With the rising frequency and complexity of methodologies, stakeholders are increasingly concerned about model disadvantages, data-specific biases, and so on. This study aims to design an architecture that will address the problems mentioned above. Based on CAM, we will try to extend them in such a way as to increase their resolution. This is done by adding BRL- and BFGS-type optimization so that the network can produce high-precision maps that render with outstanding clarity and interpretability, the input and output mapping when the algorithm makes a prediction [14]. After motivating the subject generically, we examine the important developments, including the principles that allow us to study transparent vs. opaque models, as well as model-specific or model-agnostic post hoc explainability approaches, from an organizational standpoint. We also give a quick overview of deep learning models before concluding with a discussion of future research areas.

The literature utilizes the terms interpretability, explainability, and class activation mapping to mitigate the issue of doping that is becoming more sophisticated [15].

Finding appropriate mathematical tools to model deep neural networks’ expression ability and training ability and gradually transforming parameter-based deep learning based on empiricism into deep learning based on quantitative guidance of some evaluation indicators is a new topic in artificial intelligence research. The authors of the [16] they study how the neural network search technology in autonomous machine learning can be used as a tool to assist people in furthering their understanding of the “black box” problem of artificial intelligence.

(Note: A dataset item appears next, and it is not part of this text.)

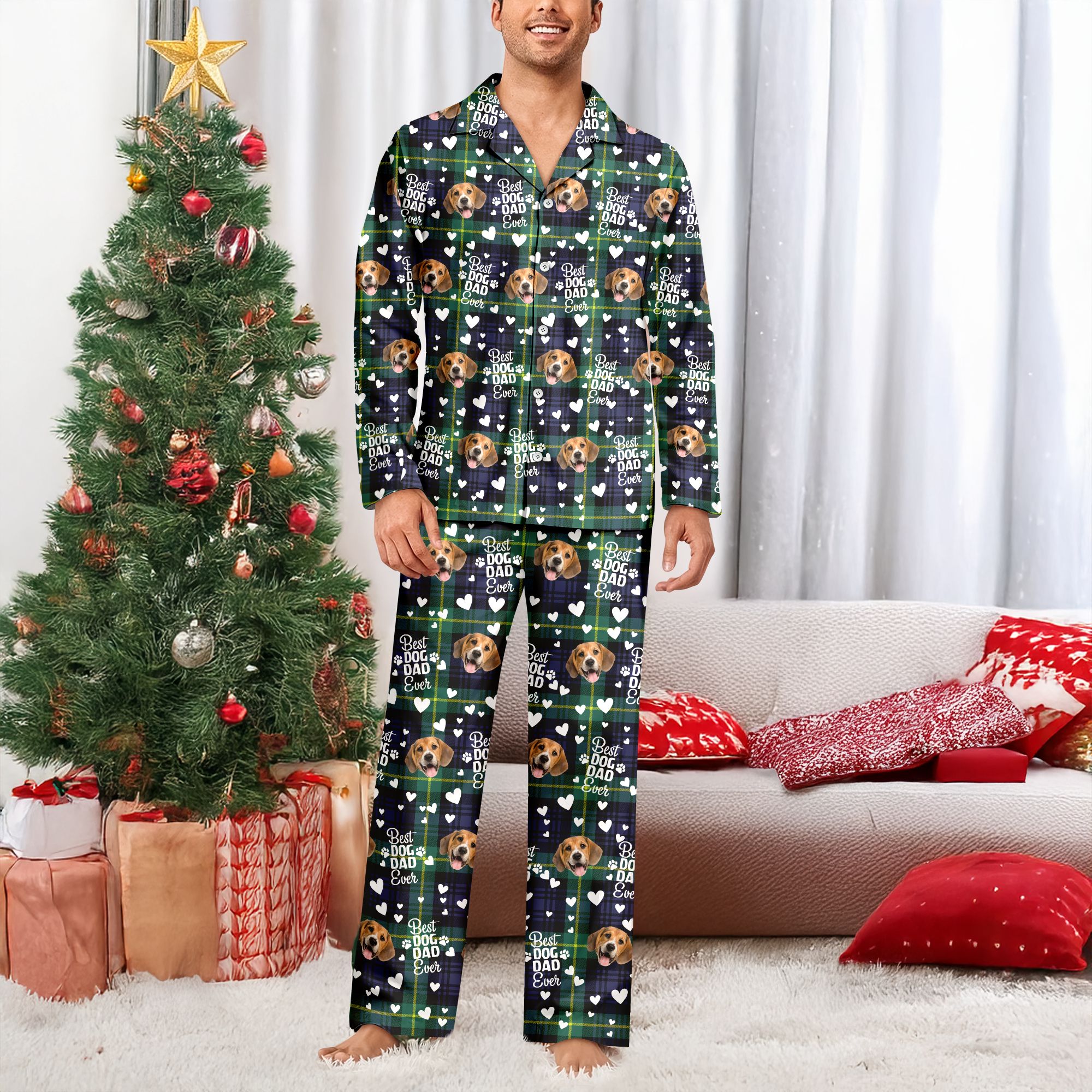 Celebrate your love for your furry best friend with these custom photo pajamas designed for devoted dog parents. Perfect for cozy nights in, these comfortable pajamas feature personalized imagery that lets you showcase your pup in style. Whether you're the best dog mom or best dog dad, these pajamas make an ideal gift for yourself or fellow canine enthusiasts. Soft, breathable fabric ensures all-night comfort while the custom photo design adds a unique, heartfelt touch that mass-produced options simply can't match. Treat yourself to pajamas that reflect your passion for your four-legged companion.

Angelov et al. [9] pinpointed explainability and proposed a solution that addresses the bottlenecks of the traditional deep learning approaches. A deep learning architecture linked reasoning and learning together, which they delivered. It is noniterative, nonparametric, and human-friendly from the user’s point of view. Their method outperformed the other techniques in tough classification cases, including deep learning, accuracy, time to train, and an explainable classifier. They aim to continue their research in developing a tree-based architecture, synthetic data generation, and local optimization to improve the proposed deep answerable approach.

Mehrotra et al. [17] stated that when the protected attributes were noisy or missing some or all of the entries, it was also attempted to counteract bias in a selection. Algorithms need to account for real-world noise to avoid bias. There was some thought put into a model of noise in which the protected properties were given a probability. They created a framework for mitigating bias that could satisfy a wide range of fairness requirements with a minimal multiplicative error and a high degree of probability. Their empirical analysis found that their methodology could achieve a high level of fairness on standard measures, even when the probabilistic information regarding protected qualities was skewed, and had a better tradeoff between utility and fairness than several previous methods.

In addition, in this study [18], the authors focus on a popular and commonly used XAI method, layer-wise relevance propagation (LRP). LRP has evolved as a method since its first assertion, and a best practice for using the technique has arisen tacitly, based solely on humanly witnessed data. They also study—and for the first time quantify—the effect of existing best practices on feedforward neural networks in a visual object identification context. The results show that the layer-dependent approach to LRP used in recent literature better depicts the model’s reasoning while improving object localization and class discriminability.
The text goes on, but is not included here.